# Need help deciding...



## redsticker (May 7, 2009)

I'm having some issues right now. I think I've been really patient, waiting to get our goats, but my hubby is dragging his feet a bit. He needs to fix the fences but it hasn't happened just yet. (He promises this weekend, lol.) So I've been stalking goat websites for months and there are two breeders I was interested in. The one is Louisiana had some senior does, but I haven't heard back from her in a long time. And then there's Pecan Hollow in Texas. Anyone have any experience with them? They seem like a nice breeder. They show, have titles on lots of goats, test for CAE etc, and seem to be pretty honest as far as our emails have gone. I'm just worried about the trip from Baton Rouge to Dallas to pick them up. Boy, that's a drive... and I'll have to do some serious convincing to get my hubby to go. Plus we don't have a livestock trailer. :sigh:

But regardless, I have contacted the breeder about some of these does for sale... There's so little to choose from around here, I had to jump on the chance to at least put dibs on a couple nice does. 

http://www.digitex.net/sgwhitehead/bree ... r_sale.htm

I really liked Fawn, Chickadee, TequilaSunrise and Arbor, but Chickadee and Fawn are sold. The breeder told me that they have two more not listed that are for sale as well, Haven and Divinity. (I'll attach their pictures below) And out of those two, I like Divinity the most.

He says they are all are healthy, no problems kidding and are friendly.

Tequila is a FF, good mom, easy milker, a sweetheart. Had 2 does. You can see her Sire/Dam on the page.
Arbor had 3 bucks, second freshener, easy milker, talker. You can see her Sire/Dam on the page.
Divinity had buck/doe twins, easy milker, very friendly, out of their "best doe" http://www.digitex.net/sgwhitehead/mch_ ... vannah.htm

Here's they only pics of Divinity and Haven they had.
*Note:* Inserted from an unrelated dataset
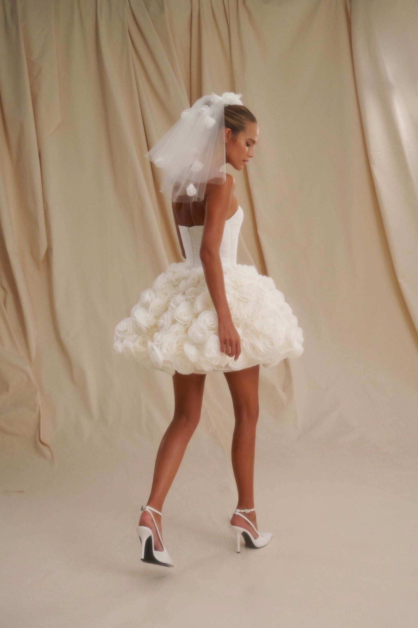 This elegant mini wedding dress is expertly crafted from Mikado and showcases a beautiful straight neckline. The skirt is adorned with intricate handcrafted rosettes made of delicate lace and organza. This stunning dress also has a matching short veil to complete the perfect wedding day look.

Divinity is white, Haven is blackish. 































Sooooo... out of all that, out of even the other does I'm not drawn to, in yall's expert opinions  which 2 (not sold) does would be the best choices? I just can't decide and since I'm a newbie, I'd really like to hear yall's advice. I wish I could buy a bunch... but I can only get 2.

And to make it even more complicated, if the lady in Louisiana writes me back, I'll be back to ask yall about those does. Oh, and once I pick I'll need advice on which bucks to breed them back to before they come "home".


----------



## kelebek (Oct 5, 2007)

I have transported many animals in dog crates or in the back of a truck with a canopy on it..... so that might be an option if you are only getting a few....... I personally found out last Friday that I can comfortably fit 10 nigis in the back of my '02 chevy short bed with a canopy on it = :clap: :clap: :clap: 

Good luck with finding a few goaties to start your herd ----

OHHH and your hubby - grab his power tools - grab some BRIGHT orange bale twine and zip ties and start just making the fence repairs look tacky - and I guarentee he will fly out there and get it done - worked on my husband!!! LOL!


----------



## redsticker (May 7, 2009)

That's the best advice I've heard about the fences! This past Saturday he had to go to work so I decided to plant some trees myself... apparently they weren't in the right place so he moved them over a few feet. lol. Took me all day to plant three, took him an hour to move 3 and plant 2 more.

Gotta go find some tacky fencing supplies!  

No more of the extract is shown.